How too Write good: 22 writing tips

  1. Avoid Alliteration.
  2. Prepositions dangle awkwardly if you use them to end sentences with.
  3. Avoid clichés and colloquialism like the plaque, or you will seem old hat.
  4. Employ the vernacular, while eschewing arcane and obfuscate verbiage.
  5. Avoid ampersands & abbreviations, etc.
  6. Take it easy with parenthetical remarks (however relevant) to avoid chopping up sentences (unnecessarily (we might add)).
  7. To ever, however artfully, split an infinitive, marks you as grammatically challenged.
  8. Skip the foreign words and phrases you know, n’est-ce pas?
  9. Never generalize.
  10. ‘I hate quotations. Tell me what you know’ Ralph Waldo Emerson.
  11. Comparisons can clog up writing as badly as alliterations and cliches.
  12. Avoid redundancy and verbosity, or readers will think you are repeating yourself and using too many words as well besides.
  13. We really get @*&%$**)!! when you use vulgarities.
  14. Clear, specific writings beats vagueness, we suppose, Whatever.
  15. Overstatement totally destroys any credibility you ever had before.
  16. Understatements can, at times, perhaps shade a point to the point of it’s fading a way.
  17. One word sentences? Eliminate.
  18. Analogies work about as well as fur on a flounder.
  19. “Is” just sits there. Pick verbs that mean something.
  20. Even if a mixed  metaphor sings, you should derail it.
  21. Who needs rhetorical questions?
  22. Its dstrakting too punctuat, an spel rong?

 

This list was on my desk for a few years, I have no idea who send it to me.

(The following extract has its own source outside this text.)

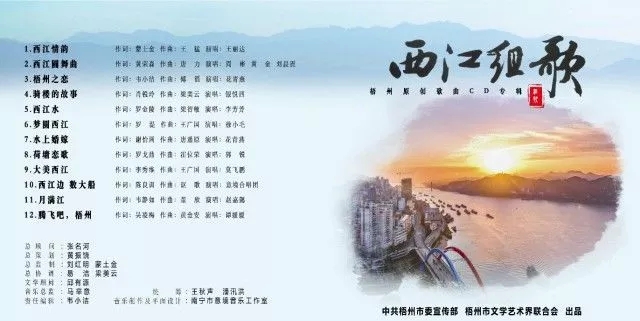 ????《西江組歌》12首歌曲創作圍繞古絲綢之路嶺南沿線的人文歷史、自然生態、風土人情等文化元素,在傳統水上民歌的基礎上進行創作,立于共鳴易于傳唱,具有梧州元素、廣西特色的民族音樂形象。 ????為了創作出這些歌曲,市委宣傳部、市文聯、市音樂家協會組織音樂家們,深入到各地廠礦車間、鄉鎮村寨、社區街道、江上洲島去生活、采風,委托自治區專家從征集到的歌詞中評選出12首優秀歌詞,并邀請自治區甚至是國家級的作詞家、編曲家,對歌詞、歌曲進行了修改完善。 ????而《西江情韻》是《西江組歌》12首歌曲中的第一首歌曲,也是主打歌曲,曾多次在市內舉辦的重大活動中作為表演曲目演唱,歌詞大意是謳歌西江的壯美,由國內著名歌手王麗達原唱。  ??? 同時,為進一步深化“深入生活,扎根人民”主題實踐活動,廣泛宣傳梧州市的區域優勢和改革開放成果,我市邀請國內著名詞曲作家鄭楠、鄭秋楓、陳洛、劉佳等藝術家到梧州市開展采風創作活動,感受梧州歷史文化和現實生活。經過三個多月的努力,藝術家們創作了12首歌詞,并通過與梧州藝術家進行座談和交流,廣泛聽取意見和建議,不斷雕琢作品,最終從中選出《千年古都故事多》、《神奇的樹葉》等6首精品進行譜曲。  ??? 這些優秀作品形式多樣,包括合唱、男女聲獨唱、大小提琴演奏等多個版本,既有曲韻悠揚的梧州頌歌,也有富有現代旋律的動感歌曲,還有具有本土民歌曲調的六堡茶歌和歡快活潑的少兒歌曲。 ????作品主題聚焦中國夢,傳遞正能量,彰顯梧州特質,體現文化的傳承、創新和雅俗共賞,從不同的側面反映了梧州市的風土人情、歷史文化和社會發展。 ????舞蹈創作可圈可點

I am Yves Hanoulle, your virtual Project Coach and you can reach me @ Yves at my agile training company .net

3 Responses to “How too Write good: 22 writing tips”

  1. lol, I’ve seen this list somewhere else before, but I’m glad you reposted it. I think I’ll print it out and put it on the bulletin board behind my monitor… :-p

  2. well if you know where it comes from I will be glad to post a link to the source.

  3. Mixed metaphors can do a little more than sing: in Dutch they sometimes might be a compensation for a language limited in words. So, I do use mixed metaphors and moreover: lately I translate English expressions litteraly to express what I feel or think. Very much against the rules, but I like it.
    “Erg veel tegen de regels, maar ik vind het leuk”
    or
    “dat maakt u denken” (It makes you think).
    Since I’m not in school anymore, there’s no punishment to that;-). However, I haven’t tried it in professional writing and I wouldn’t advice it.